__Supplied data__
•••••

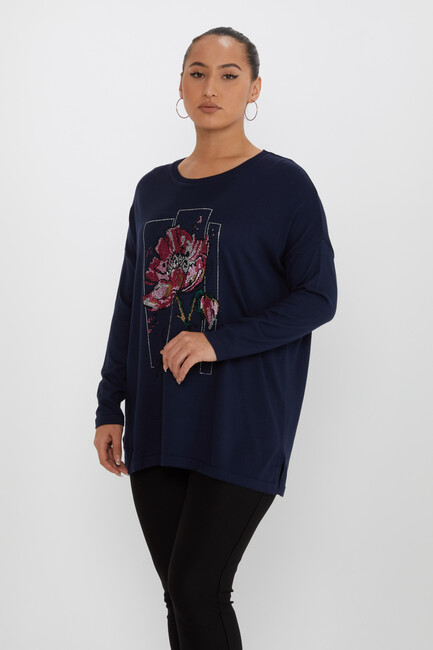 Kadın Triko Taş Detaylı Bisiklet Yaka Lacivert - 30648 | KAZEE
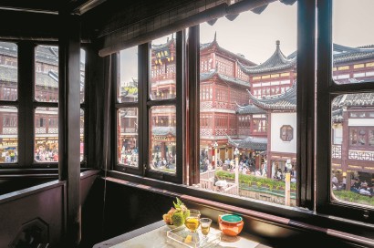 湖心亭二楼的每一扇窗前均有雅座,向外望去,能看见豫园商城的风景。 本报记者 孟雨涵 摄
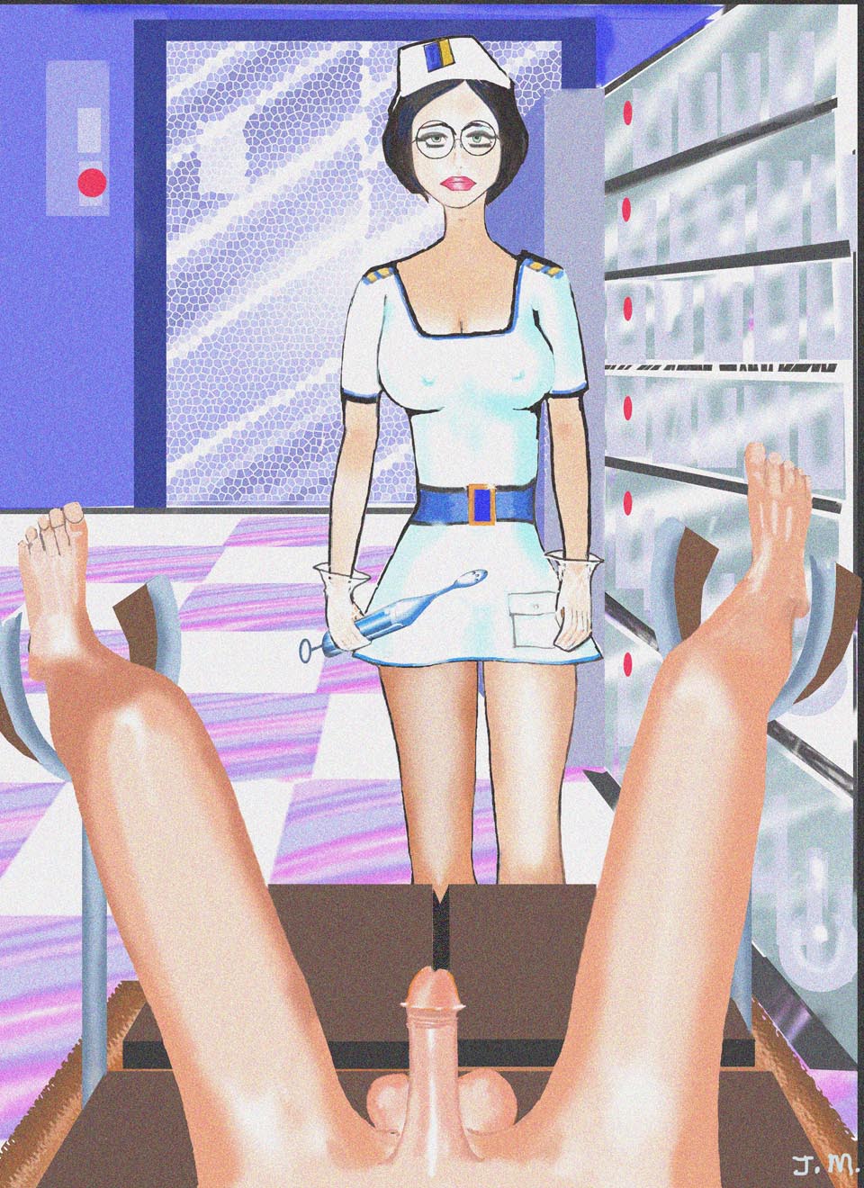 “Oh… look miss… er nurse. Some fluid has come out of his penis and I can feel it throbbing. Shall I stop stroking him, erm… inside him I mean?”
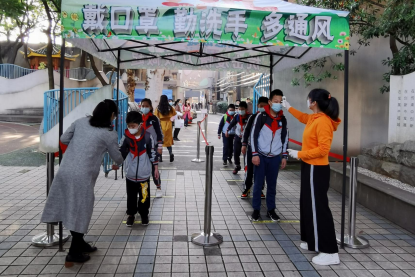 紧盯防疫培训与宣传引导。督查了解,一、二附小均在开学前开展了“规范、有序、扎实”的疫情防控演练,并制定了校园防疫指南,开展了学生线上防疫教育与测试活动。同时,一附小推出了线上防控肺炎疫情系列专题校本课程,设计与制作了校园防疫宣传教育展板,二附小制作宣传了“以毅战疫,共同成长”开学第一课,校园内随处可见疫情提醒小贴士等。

•••••

__Task details__
Return all of the material above unchanged, minus its pictures.

__Task answer__
 Kadın Triko Taş Detaylı Bisiklet Yaka Lacivert - 30648 | KAZEE
 湖心亭二楼的每一扇窗前均有雅座,向外望去,能看见豫园商城的风景。 本报记者 孟雨涵 摄
 “Oh… look miss… er nurse. Some fluid has come out of his penis and I can feel it throbbing. Shall I stop stroking him, erm… inside him I mean?”
 紧盯防疫培训与宣传引导。督查了解,一、二附小均在开学前开展了“规范、有序、扎实”的疫情防控演练,并制定了校园防疫指南,开展了学生线上防疫教育与测试活动。同时,一附小推出了线上防控肺炎疫情系列专题校本课程,设计与制作了校园防疫宣传教育展板,二附小制作宣传了“以毅战疫,共同成长”开学第一课,校园内随处可见疫情提醒小贴士等。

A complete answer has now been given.